1. **Sentiment Analysis**: Analyze the sentiment of each review, categorize it as positive, neutral, or negative, and store the result.
2. **Key Insights Extraction**: Extract key pieces of information from each review, such as the pros and cons mentioned, and the specific features the reviewer liked or disliked (e.g., vehicle performance, comfort, price).

You will build a LangChain-based solution that leverages language models to automatically extract this information and provide a structured summary of the reviews.

---
### **Steps to Solve:**

#### **Step 1: Load the Dataset**
- The dataset file is named `ford_car_reviews.csv` and is sourced from Kaggle: [Edmunds Consumer Car Ratings and Reviews](https://www.kaggle.com/datasets/ankkur13/edmundsconsumer-car-ratings-and-reviews).
- For this exercise, **limit the data to the first 25 records**. This can be achieved by using `df.head(25)` or `df.iloc[:25]` when loading the data into a DataFrame.
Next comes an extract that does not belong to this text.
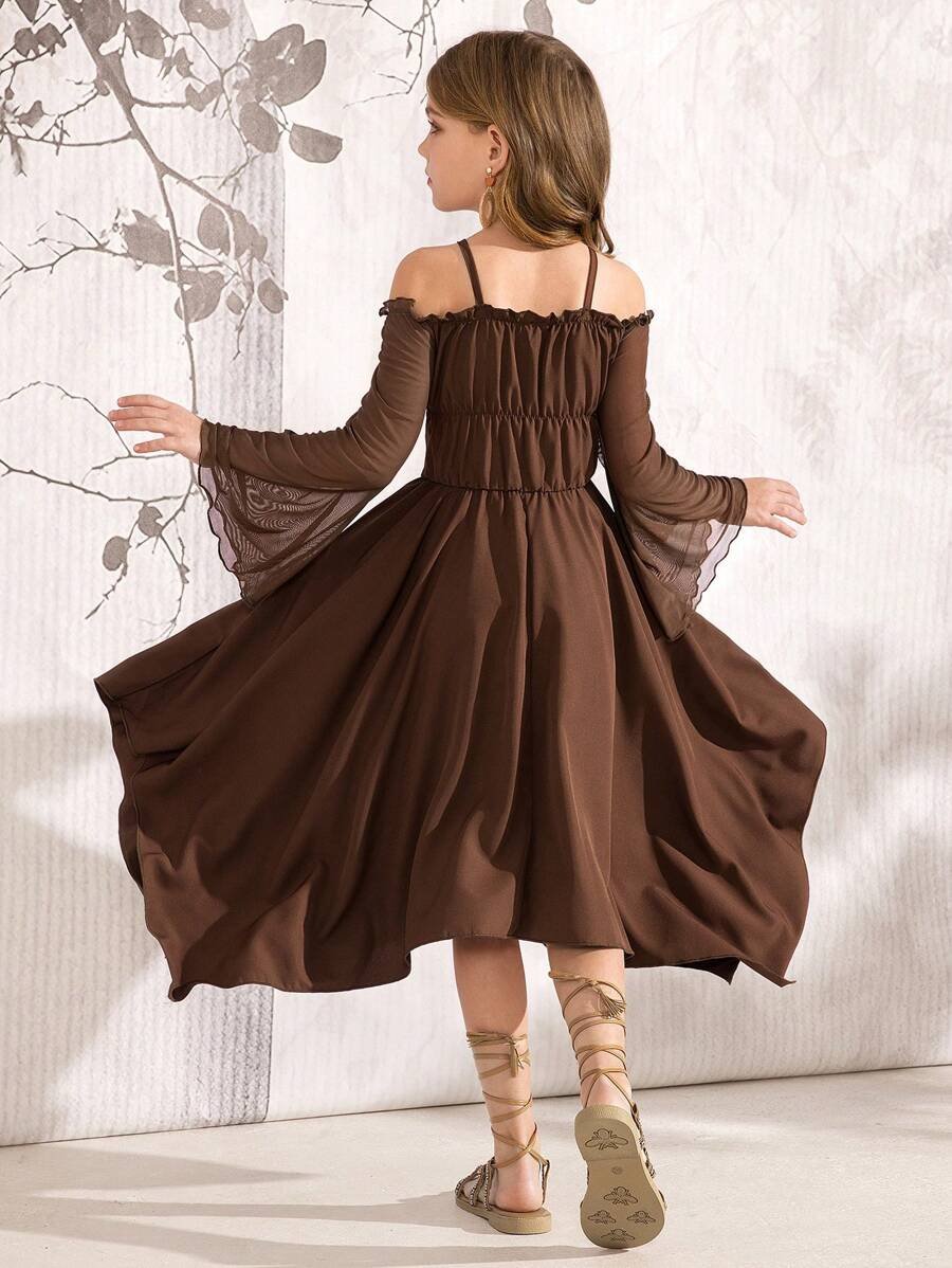 Robe asymétrique élégante à épaules dénudées et manches évasées pour fille
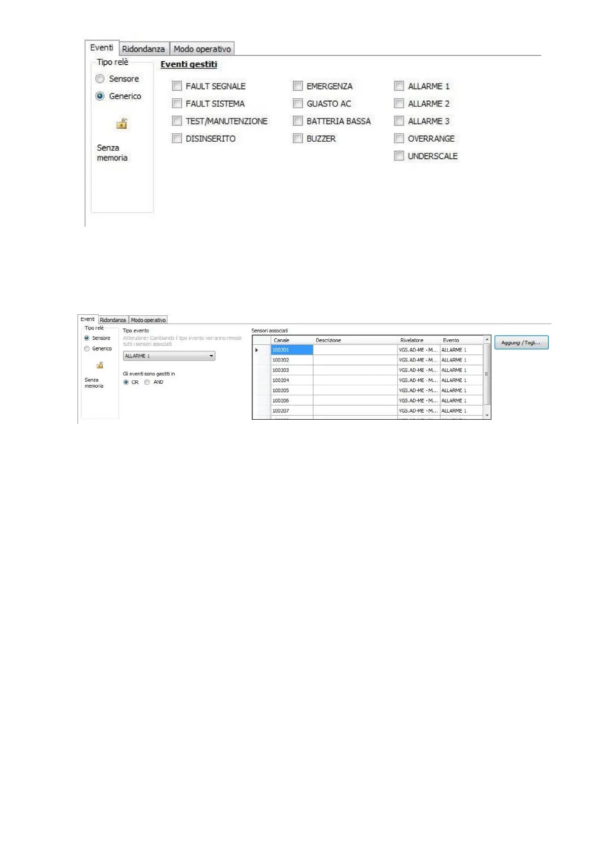 Fig. 4.5.4 h) Generic events selection window (system events)

#### **Step 2: Define the Sentiment Analysis Task**
- Use LangChain to create a pipeline to classify the sentiment of each review.
- Define prompts that can guide the model to evaluate the sentiment. For example:
  - "Given the following car review, classify the sentiment as positive, neutral, or negative."

#### **Step 3: Key Insights Extraction**
- Use LangChain to create a pipeline to extract pros, cons, and notable features from each review. Define prompts such as:
  - "What are the pros and cons of the vehicle described in the following review?"
  - "What specific features of the vehicle does the reviewer like or dislike?"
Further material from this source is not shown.